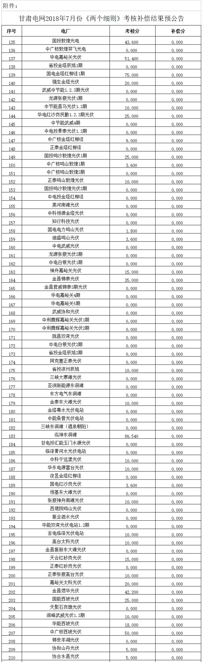 附件:甘肅電網(wǎng)2018年7月份“兩個細(xì)則”考核補償結(jié)果預(yù)公告
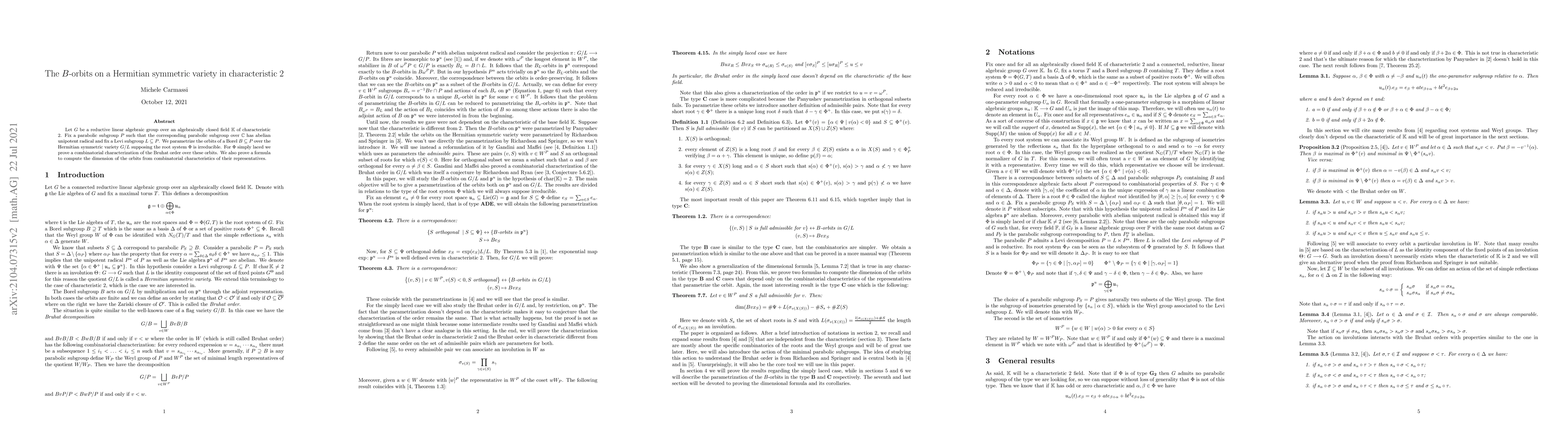 This paper explores B-orbits on Hermitian symmetric varieties in characteristic 2, focusing on the Bruhat order and orbit dimensions. It provides a combinatorial characterization for simply laced root systems and a formula for orbit dimension computation.
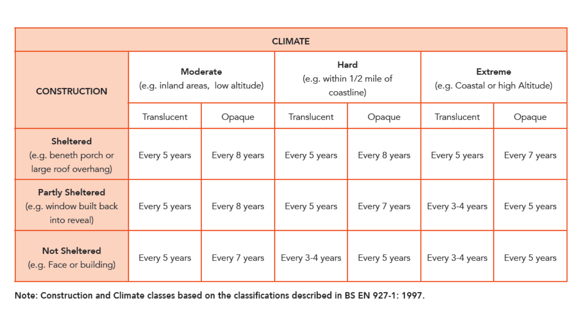 A suggested recoat/maintenance coating table is shown in Table 1, however, in practice, carrying out the first redecoration approximately one year before the recommended time will significantly improve the longevity of the coating system. By using this table, the redecoration period for each face can therefore be evaluated.
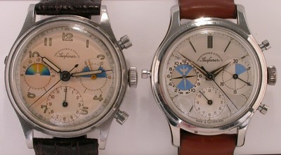 Heuer began producing the Seafarer for Abercrombie & Fitch in the early 1950's and continued producing this model through the early 1970's. By that time, Heuer was also offering its own Mareographe and producing the Solunagraph for Orvis. Our comparison of the Abercrombie & Fitch Seafarers covers nine different versions, that utilized five different cases, and a colorful array of dials and hands. Click the photograph of the two Seafarers or click here to see the comparison of these models.
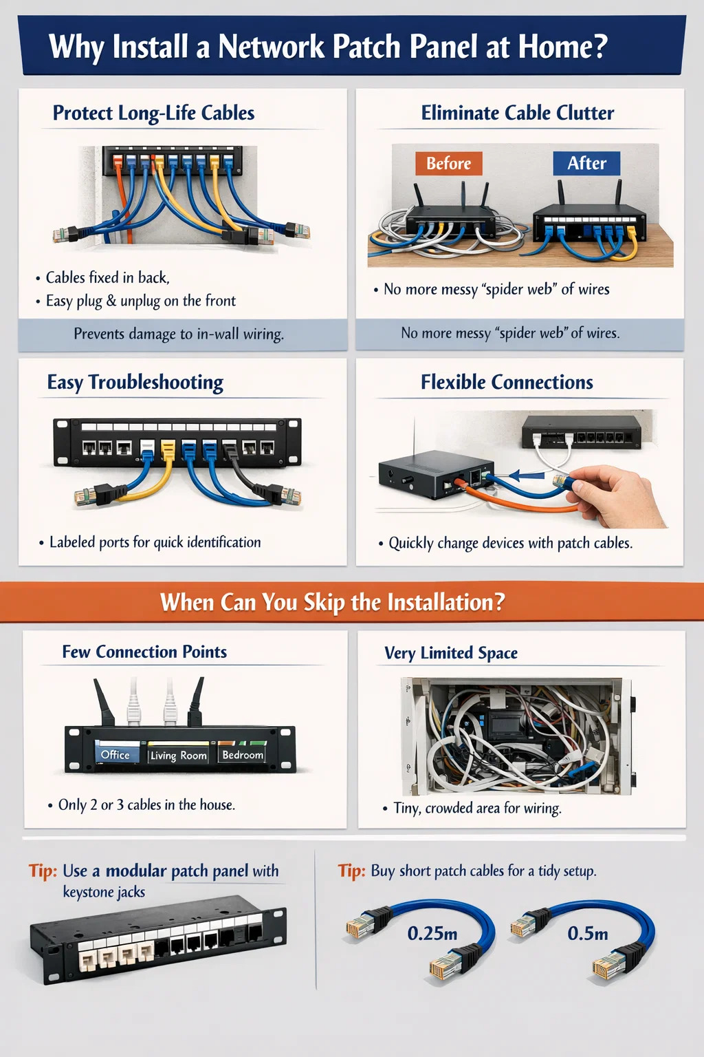 Nogle ældre huse har meget små lavspændingsbokse, der simpelthen ikke kan rumme et standardnetværkspatchpanel. I dette tilfælde vil tvinge installationen kun gøre interiøret mere overfyldt.
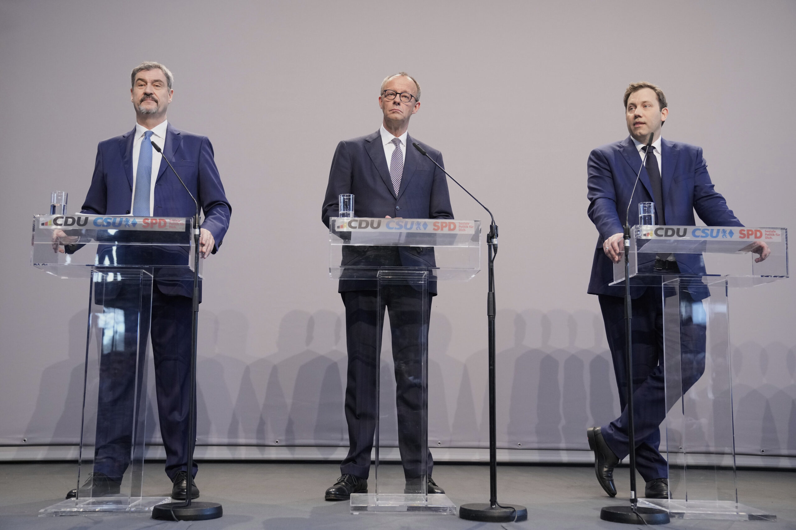 CSU-leder Markus Söder, CDU-leder Friedrich Merz og SPD-leder Lars Klingbeil møter pressen etter å ha fremforhandlet en koalisjonsavtale i Berlin den 9. april 2025. Foto: Ebrahim Noroozi / AP / NTB.
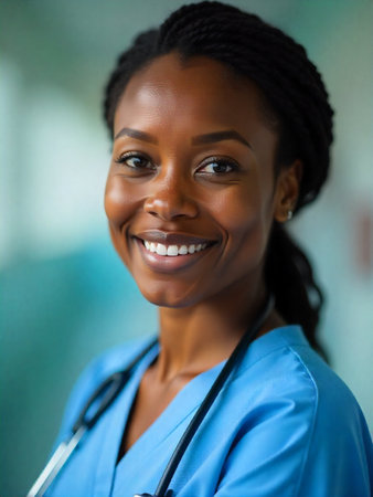 Portrait of a smiling african american nurse with stethoscope, hospital in background
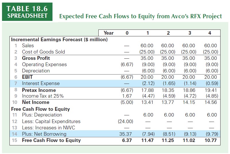 The project’s free cash flow to equity shows the expected amount of additional cash the firm will have available to pay dividends (or conduct share repurchases) each year
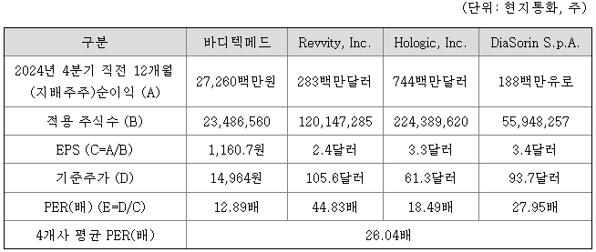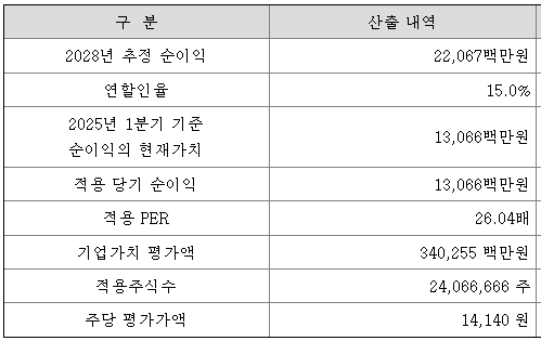 회사의 주당 평가가액은 2028년 추정 순이익을 할인하여 현재가치로 환산한 후, 유사회사의 평균 PER 배수를 곱하여 회사가치를 정하고, 이를 주식 수로 나누어 산출한 것입니다.
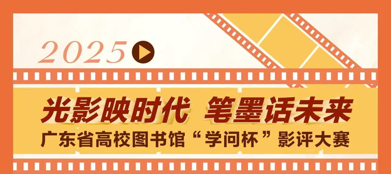 为深化国家教育强国建设具体实践,全面加强学校美育工作,促进图书馆馆际交流和业务发展,鼓励更多师生积极参与到全民阅读推广活动中,广东省高等学校图书情报工作指导委员会特举办以“光影映时代 笔墨话未来”为主题的2025年广东省高校图书馆“学问杯”影评大赛。充分运用图书馆的优质资源,通过赏析经典影视作品,点燃师生对时代精神的深刻思考,启迪对未来的美好展望。在多个维度上促进学生的全面发展,拓宽知识视野,提升审美能力,推动跨学科的学习交流,激发创新创造活力,温润心灵,培育德智体美劳全面发展的社会主义建设者和接班人,助力图书馆成为引领读者成长的精神引擎。现将有关事项通知如下:

* WHAT YOU WILL DO *
Leaving the pictures aside, give back all the records exactly as they are.

* SOLUTION *
 附件:甘肅電網(wǎng)2018年7月份“兩個細(xì)則”考核補償結(jié)果預(yù)公告
 This paper explores B-orbits on Hermitian symmetric varieties in characteristic 2, focusing on the Bruhat order and orbit dimensions. It provides a combinatorial characterization for simply laced root systems and a formula for orbit dimension computation.
 A suggested recoat/maintenance coating table is shown in Table 1, however, in practice, carrying out the first redecoration approximately one year before the recommended time will significantly improve the longevity of the coating system. By using this table, the redecoration period for each face can therefore be evaluated.
 Heuer began producing the Seafarer for Abercrombie & Fitch in the early 1950's and continued producing this model through the early 1970's. By that time, Heuer was also offering its own Mareographe and producing the Solunagraph for Orvis. Our comparison of the Abercrombie & Fitch Seafarers covers nine different versions, that utilized five different cases, and a colorful array of dials and hands. Click the photograph of the two Seafarers or click here to see the comparison of these models.
 Nogle ældre huse har meget små lavspændingsbokse, der simpelthen ikke kan rumme et standardnetværkspatchpanel. I dette tilfælde vil tvinge installationen kun gøre interiøret mere overfyldt.
 CSU-leder Markus Söder, CDU-leder Friedrich Merz og SPD-leder Lars Klingbeil møter pressen etter å ha fremforhandlet en koalisjonsavtale i Berlin den 9. april 2025. Foto: Ebrahim Noroozi / AP / NTB.
 Portrait of a smiling african american nurse with stethoscope, hospital in background
 The project’s free cash flow to equity shows the expected amount of additional cash the firm will have available to pay dividends (or conduct share repurchases) each year
 회사의 주당 평가가액은 2028년 추정 순이익을 할인하여 현재가치로 환산한 후, 유사회사의 평균 PER 배수를 곱하여 회사가치를 정하고, 이를 주식 수로 나누어 산출한 것입니다.
 为深化国家教育强国建设具体实践,全面加强学校美育工作,促进图书馆馆际交流和业务发展,鼓励更多师生积极参与到全民阅读推广活动中,广东省高等学校图书情报工作指导委员会特举办以“光影映时代 笔墨话未来”为主题的2025年广东省高校图书馆“学问杯”影评大赛。充分运用图书馆的优质资源,通过赏析经典影视作品,点燃师生对时代精神的深刻思考,启迪对未来的美好展望。在多个维度上促进学生的全面发展,拓宽知识视野,提升审美能力,推动跨学科的学习交流,激发创新创造活力,温润心灵,培育德智体美劳全面发展的社会主义建设者和接班人,助力图书馆成为引领读者成长的精神引擎。现将有关事项通知如下:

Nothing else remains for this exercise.